• RECORDS FOR PROCESSING:
+++++
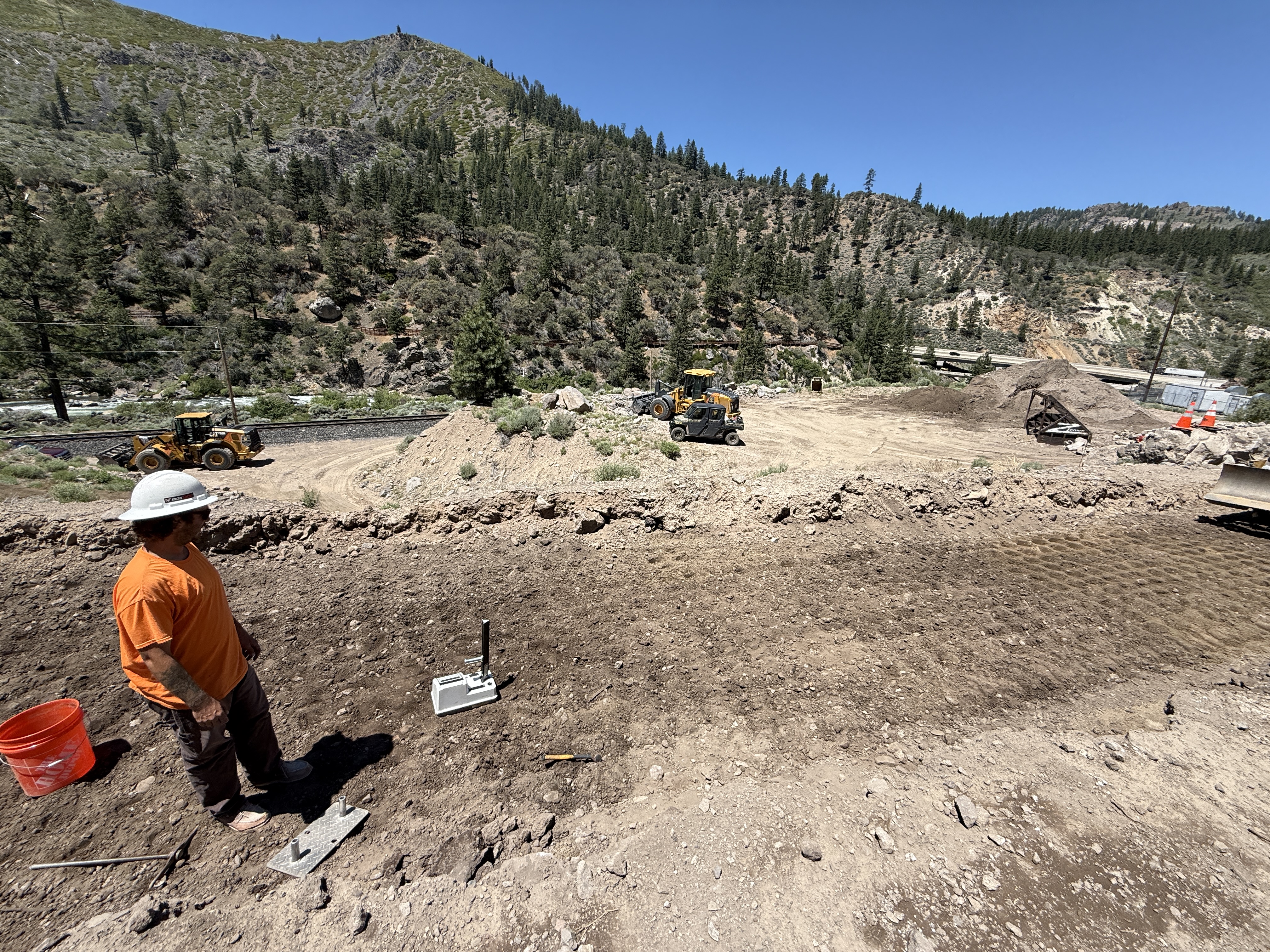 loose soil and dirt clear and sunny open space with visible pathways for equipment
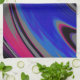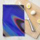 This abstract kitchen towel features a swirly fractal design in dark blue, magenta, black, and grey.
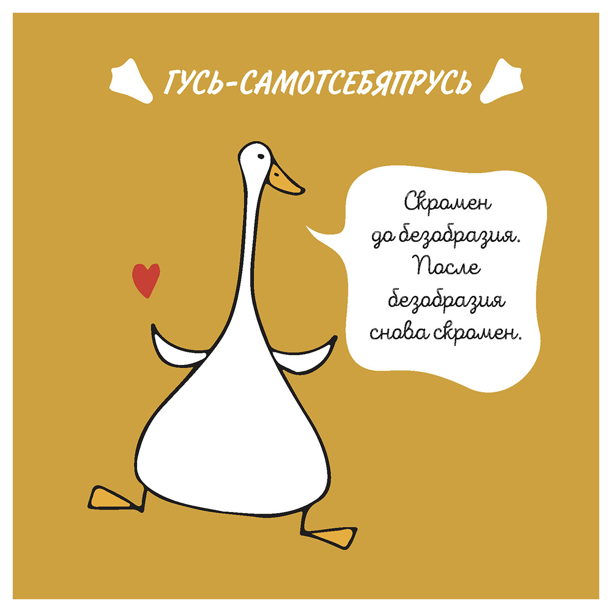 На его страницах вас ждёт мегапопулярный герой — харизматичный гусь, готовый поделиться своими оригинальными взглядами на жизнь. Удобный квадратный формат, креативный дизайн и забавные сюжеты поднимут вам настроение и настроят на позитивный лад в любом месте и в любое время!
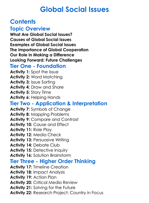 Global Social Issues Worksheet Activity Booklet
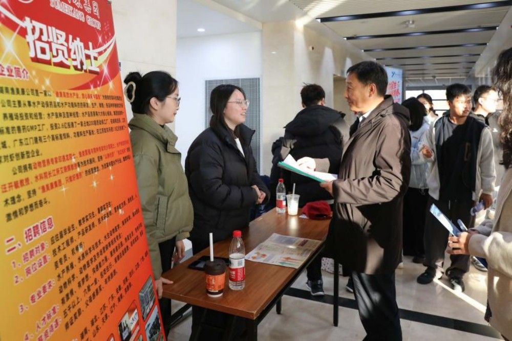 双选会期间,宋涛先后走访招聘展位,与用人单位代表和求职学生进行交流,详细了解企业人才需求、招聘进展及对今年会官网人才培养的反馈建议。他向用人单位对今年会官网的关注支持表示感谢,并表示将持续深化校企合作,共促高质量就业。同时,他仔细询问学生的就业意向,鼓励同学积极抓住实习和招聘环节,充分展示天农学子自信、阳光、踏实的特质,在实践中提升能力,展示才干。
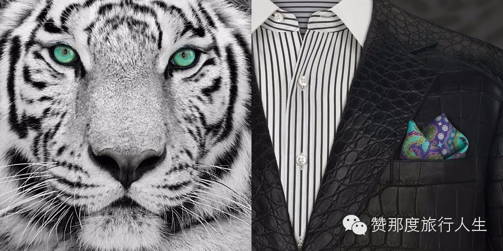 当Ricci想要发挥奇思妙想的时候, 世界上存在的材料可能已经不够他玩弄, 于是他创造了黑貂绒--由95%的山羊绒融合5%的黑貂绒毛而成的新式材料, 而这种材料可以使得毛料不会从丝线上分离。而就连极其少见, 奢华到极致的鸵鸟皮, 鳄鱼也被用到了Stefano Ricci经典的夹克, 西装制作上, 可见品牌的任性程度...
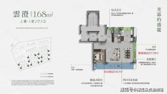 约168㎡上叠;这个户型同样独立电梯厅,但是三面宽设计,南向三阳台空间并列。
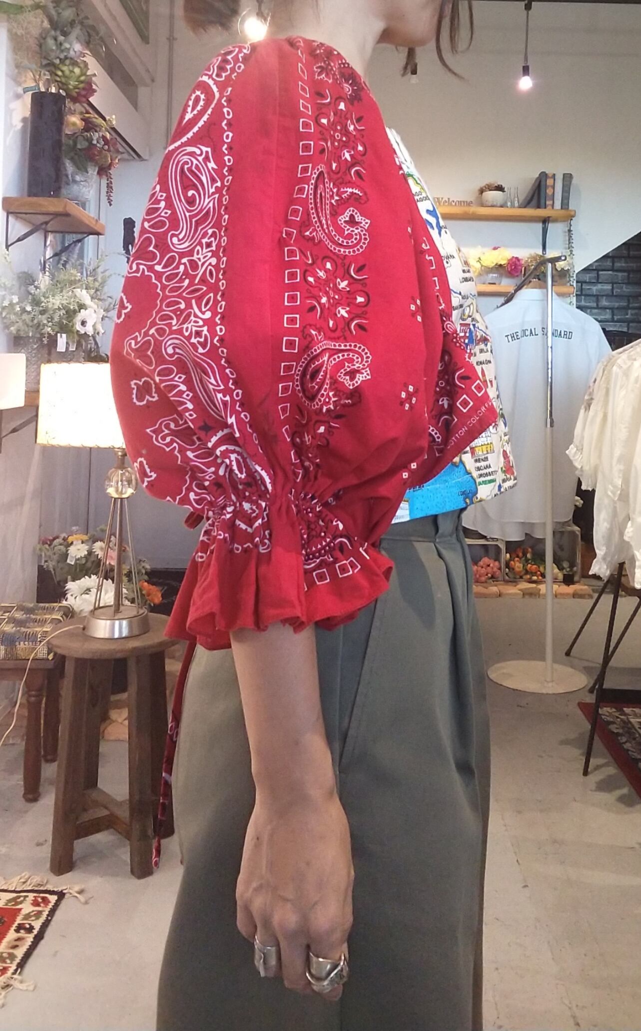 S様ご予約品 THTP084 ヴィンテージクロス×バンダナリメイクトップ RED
+++++
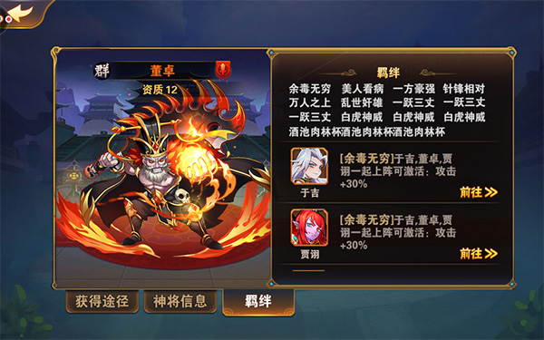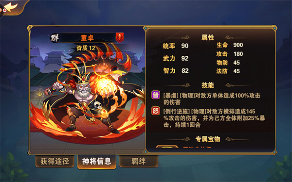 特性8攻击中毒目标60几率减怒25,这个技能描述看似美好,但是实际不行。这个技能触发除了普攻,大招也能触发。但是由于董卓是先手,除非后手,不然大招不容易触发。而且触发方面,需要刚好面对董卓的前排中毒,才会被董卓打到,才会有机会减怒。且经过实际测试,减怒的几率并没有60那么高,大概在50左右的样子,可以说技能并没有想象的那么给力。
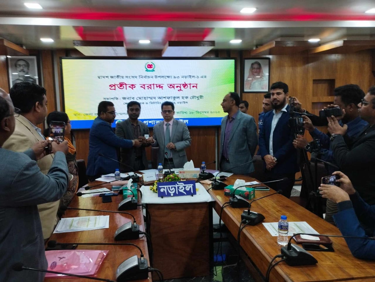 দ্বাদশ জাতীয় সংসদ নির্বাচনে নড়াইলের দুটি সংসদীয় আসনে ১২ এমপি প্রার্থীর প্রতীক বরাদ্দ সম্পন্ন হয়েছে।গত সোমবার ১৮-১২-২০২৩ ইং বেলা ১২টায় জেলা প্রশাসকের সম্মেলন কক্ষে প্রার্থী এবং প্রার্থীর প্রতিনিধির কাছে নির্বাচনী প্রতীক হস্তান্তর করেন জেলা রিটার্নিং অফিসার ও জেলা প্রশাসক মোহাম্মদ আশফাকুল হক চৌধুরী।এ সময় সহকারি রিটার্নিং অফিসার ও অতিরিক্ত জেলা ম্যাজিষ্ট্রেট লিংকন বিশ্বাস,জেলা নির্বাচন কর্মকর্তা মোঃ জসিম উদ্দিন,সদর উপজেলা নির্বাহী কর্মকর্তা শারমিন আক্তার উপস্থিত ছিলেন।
+++++
• WHAT TO DO: In the listing above, find the line with "This abstract kitchen" and output every line through the one with "双选会期间,宋涛先后走访招聘", exactly, without the pictures.

• RESULT BELOW:
 This abstract kitchen towel features a swirly fractal design in dark blue, magenta, black, and grey.
 На его страницах вас ждёт мегапопулярный герой — харизматичный гусь, готовый поделиться своими оригинальными взглядами на жизнь. Удобный квадратный формат, креативный дизайн и забавные сюжеты поднимут вам настроение и настроят на позитивный лад в любом месте и в любое время!
 Global Social Issues Worksheet Activity Booklet
 双选会期间,宋涛先后走访招聘展位,与用人单位代表和求职学生进行交流,详细了解企业人才需求、招聘进展及对今年会官网人才培养的反馈建议。他向用人单位对今年会官网的关注支持表示感谢,并表示将持续深化校企合作,共促高质量就业。同时,他仔细询问学生的就业意向,鼓励同学积极抓住实习和招聘环节,充分展示天农学子自信、阳光、踏实的特质,在实践中提升能力,展示才干。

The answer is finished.